Running llama.cpp in Docker on Raspberry Pi

Running large language models on a Raspberry Pi isn’t just possible—it’s fun. Whether you're a hacker exploring local AI, a developer prototyping LLM workflows, or just curious about how far you can push a Pi, this tutorial is for you.
We’ll show you how to build and run llama.cpp
in Docker on an ARM-based Pi to get a full LLM experience in a tiny, reproducible container. No weird dependencies. No system pollution. Just clean, fast, edge-side inference.
If you are looking for a bare metal installation on the Raspberry Pi. Check this https://rmauro.dev/running-llm-llama-cpp-natively-on-raspberry-pi/
Dockerfile
The following Dockerfile builds llama.cpp
from source within an Ubuntu 22.04 base image. It includes all required dependencies and sets the container entrypoint to the compiled CLI binary.
FROM ubuntu:22.04
ENV DEBIAN_FRONTEND=noninteractive
RUN apt update && apt upgrade -y && \
apt install -y --no-install-recommends \
ca-certificates git build-essential cmake wget curl \
libcurl4-openssl-dev && \
apt clean && rm -rf /var/lib/apt/lists/*
WORKDIR /opt
RUN git clone https://github.com/ggerganov/llama.cpp.git
WORKDIR /opt/llama.cpp
RUN cmake -B build
RUN cmake --build build --config Release -j$(nproc)

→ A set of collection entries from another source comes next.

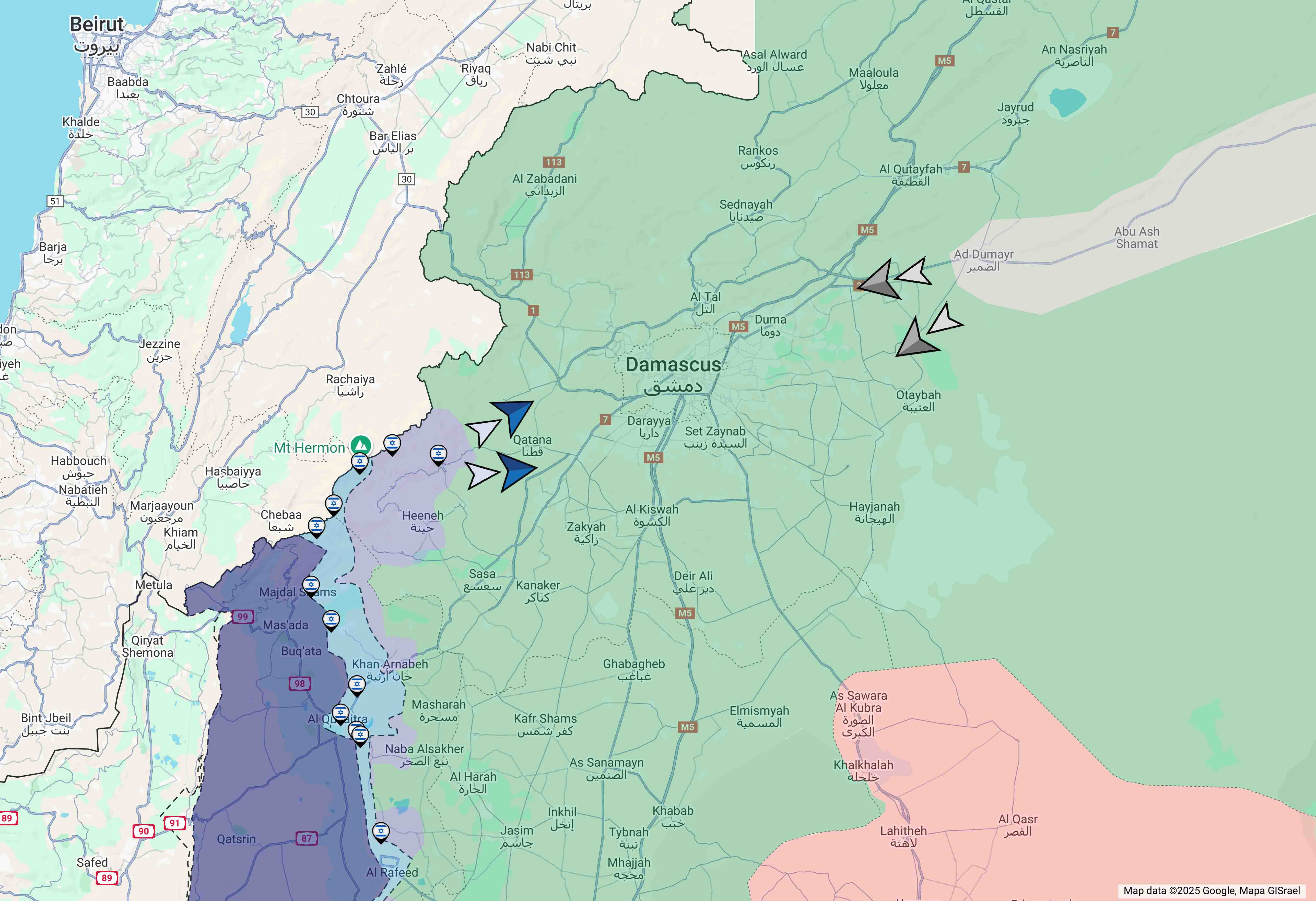 Israel prefers Syria to be partitioned with proxy elements—without direct military expenditure—but there are multiple variations on the strategy. During the Suwayda conflict, Israel dispatched a massive military convoy to Qatana, southwest of Damascus. It also carried out two airborne operations in Qalaat Jandal, also in Qatana, using Druze troops from Palestine. Today, Israel possesses a military force just 11 km from Damascus—effectively a spearhead, should it choose to strike the capital directly.
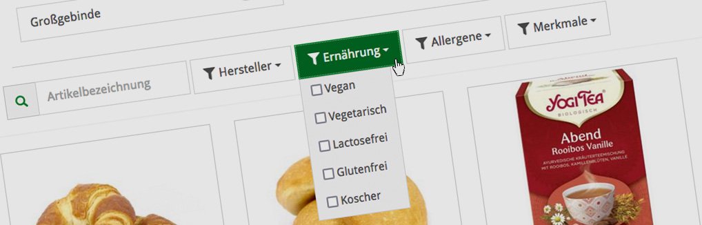 Wenn Sie eine Artikelkategorie (z.B. Naturkost) auswählen, finden Sie die Filter:
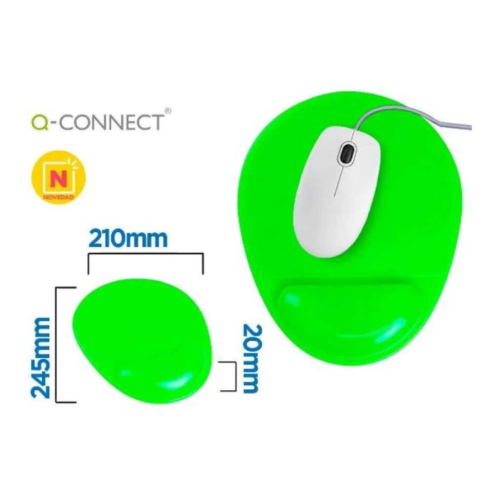 Q-connect musemåtte med gel håndledsstøtte, PVC, grøn farve, 210x245x20 mm. PVC musemåtte med gel håndledsstøtte. Musemåtte med en specielt designet overflade for at forbedre optisk musbevægelsesgenkendelse. Ergonomisk design og skridsikker bund. Levende farver.
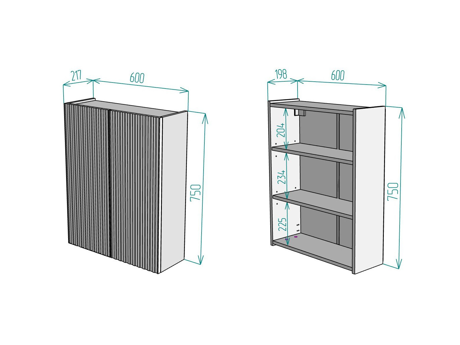 Размер ВхШхГ: 750х600х217 мм
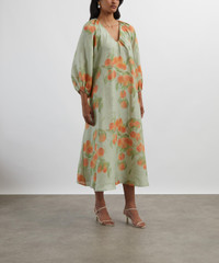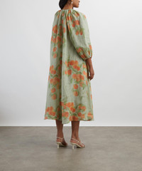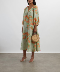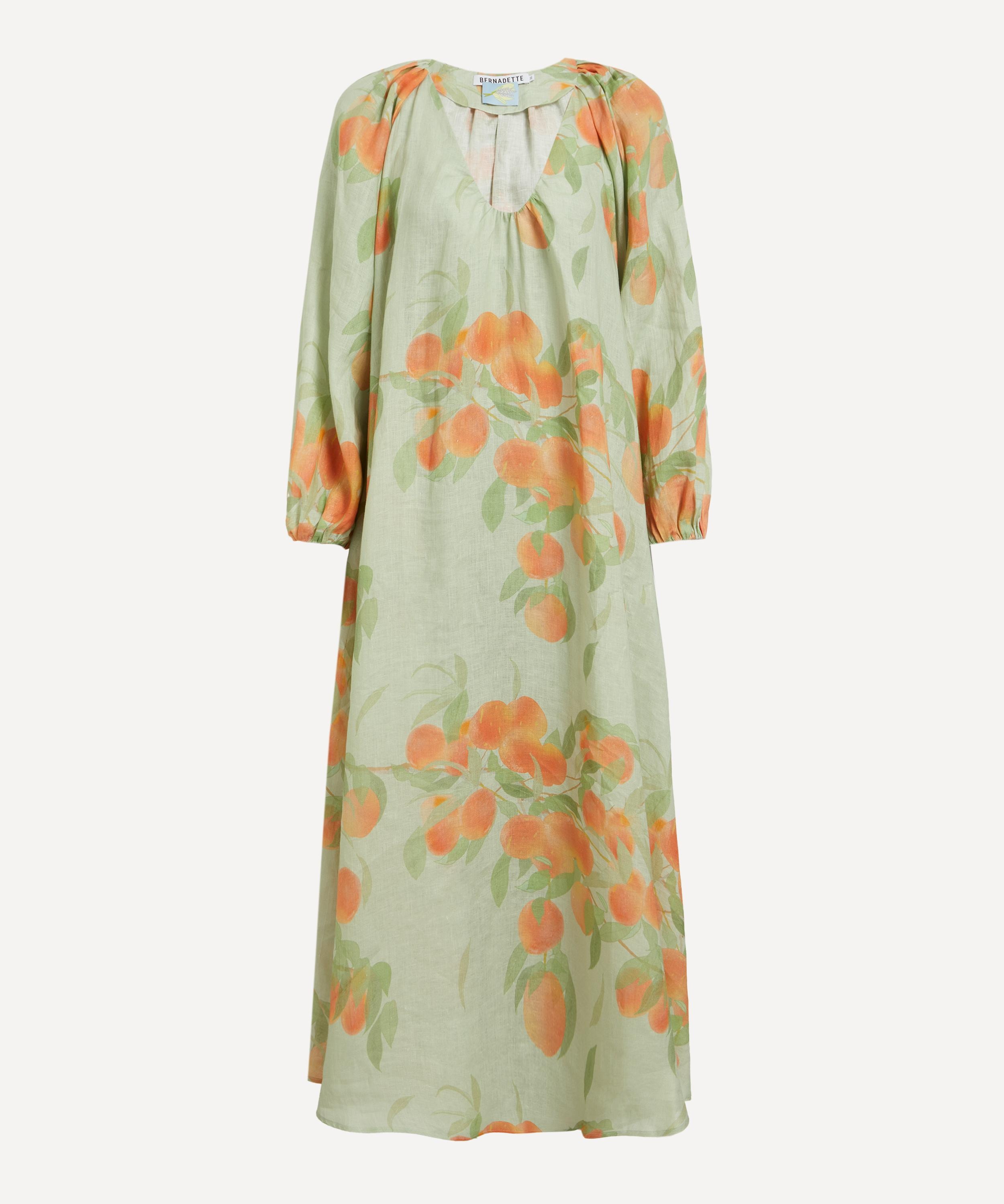DETAILS Linen maxi dress Relaxed fit Gathered shoulders cuffs Long puffed sleeves Deep V-neckline Peach Tree print SIZE & FIT Model is 179cm/5'10.5"; Chest: 81cm; Waist: 64cm; Hip: 89cm and wears a size 8 COMPOSITION & CARE 100% Linen Dry clean
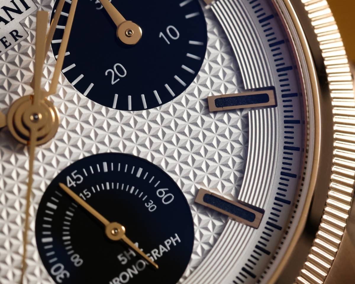 The dial is where Parmigiani’s design language really shines. The silver base has a “Clou Triangulaire” guilloché pattern that creates depth and catches the light effortlessly. Against that backdrop, the black chronograph subdials stand out cleanly without breaking the design’s balance.
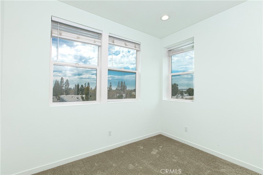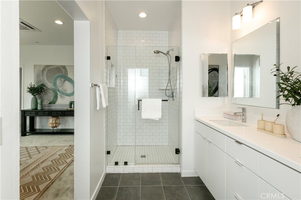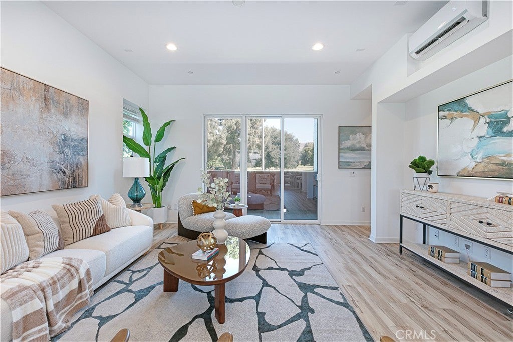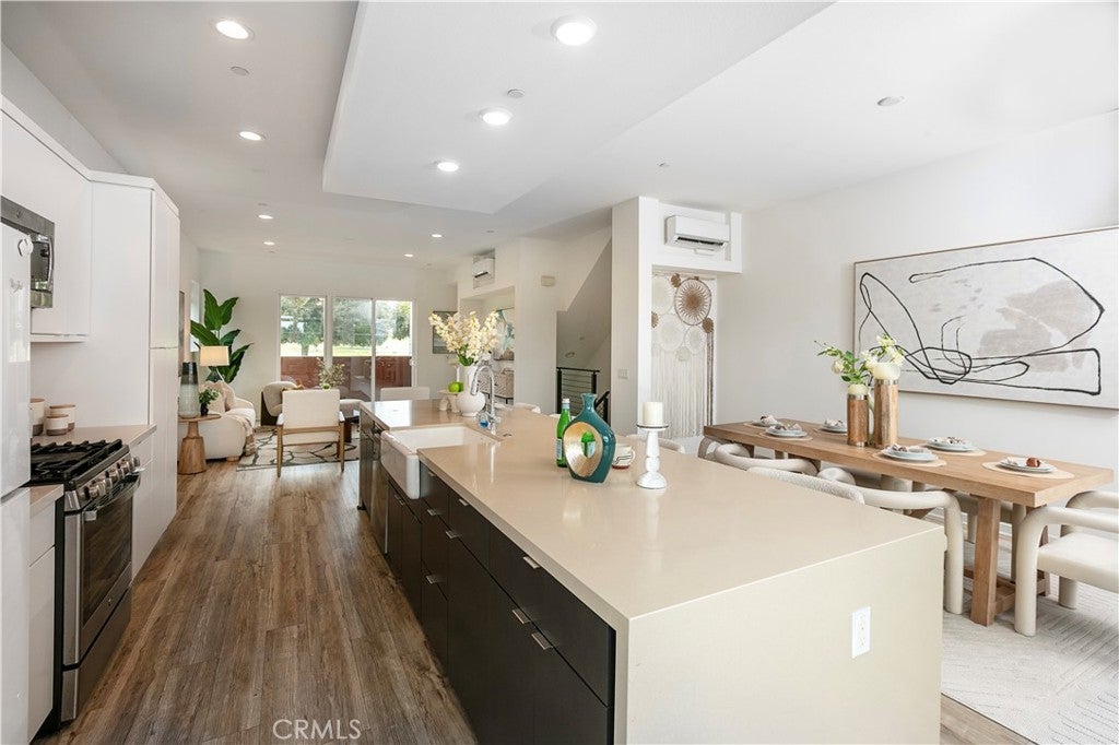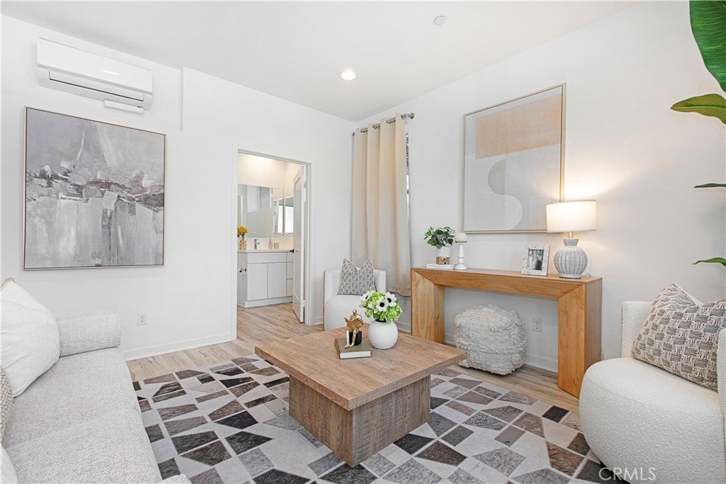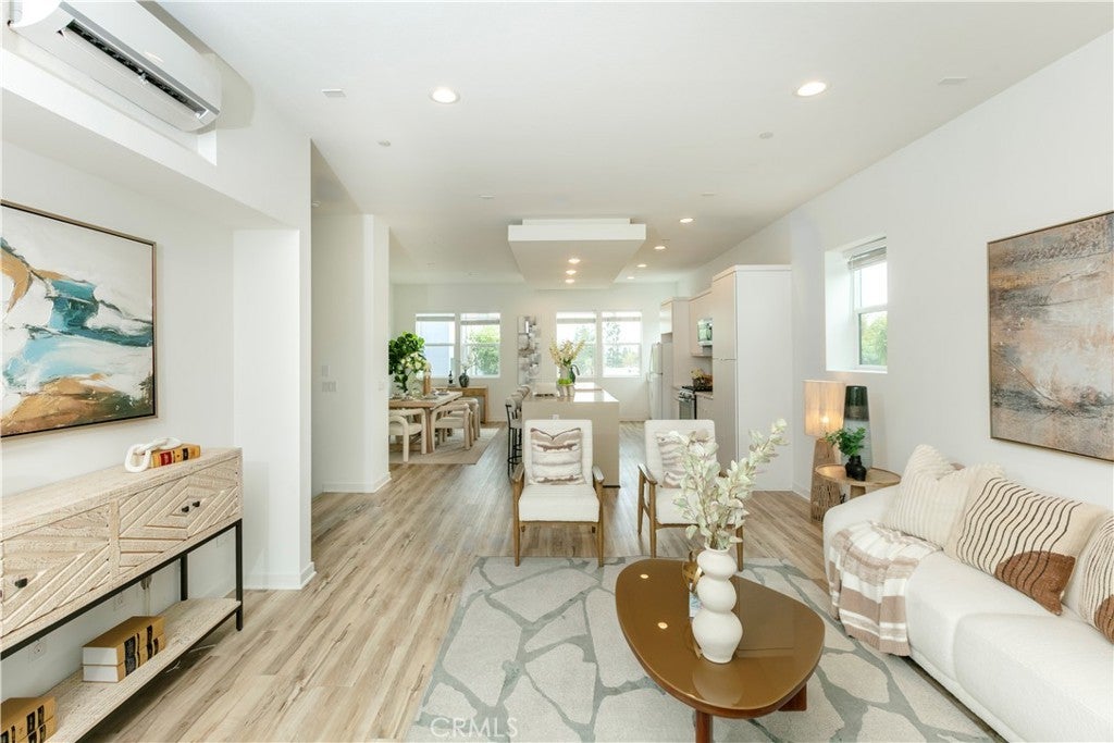 Experience modern luxury in Brea’s premier West Village. Built by Trumark Homes in 2020, this sophisticated 3-story end-unit townhome seamlessly blends architectural elegance with functional living. The journey begins with a striking floating wood staircase that leads to a versatile first-floor bonus room with an en-suite bath—perfect for a home office, gym, or guest suite. The heart of the home unfolds on the second level, featuring an expansive open-concept floor plan anchored. A gourmet chef’s kitchen serves as the centerpiece, boasting a massive quartz island, white shaker cabinetry, and premium stainless steel appliances. Retreat to the third floor to find the oversized primary suite, offering a spa-inspired bathroom and a private balcony with serene, unobstructed hill views. Meticulously upgraded with designer flooring, recessed lighting, and energy-efficient features including zoned split AC, a tankless water heater, and leased solar panels. Complete with an attached 2-car garage and located minutes from top-rated schools, Brea Mall, and vibrant dining. This turn-key designer masterpiece offers an unparalleled lifestyle of comfort and convenience.

WORKDIR /opt/llama.cpp/build/bin
ENTRYPOINT ["./llama-cli"]
Build the Docker Image
Run the following command in the same directory as your Dockerfile to build the image:
docker build -t llama-cpp-pi .
Download a Quantized Model (on Host)
You need a quantized .gguf
model to perform inference. Run this command from your host system:
mkdir -p models
wget -O models/tinyllama-1.1b-chat-v1.0.Q4_0.gguf \
https://huggingface.co/TheBloke/TinyLlama-1.1B-Chat-v1.0-GGUF/resolve/main/tinyllama-1.1b-chat-v1.0.Q4_0.gguf
This creates a models
directory and downloads a compact version of TinyLlama suitable for edge devices.
Run Inference from Docker
Mount the models
directory and run the container, specifying the model and prompt:
docker run --rm -it \
-v $(pwd)/models:/models \
llama-cpp-pi \
-m /models/tinyllama-1.1b-chat-v1.0.Q4_0.gguf -p "Hello from Docker!"
To use a different model:
MODEL=your-model-name.gguf
docker run --rm -it \
-v $(pwd)/models:/models \
llama-cpp-pi \
-m /models/$MODEL -p "Hello with custom model!"
Conclusion
This Docker-based setup enables efficient deployment of llama.cpp
on ARM-based devices like the Raspberry Pi.
It abstracts away system-level configuration while preserving the flexibility to swap models, test prompts, or integrate with other AI pipelines.
For developers, researchers, and students, this is an ideal workflow to explore the capabilities of local LLM inference.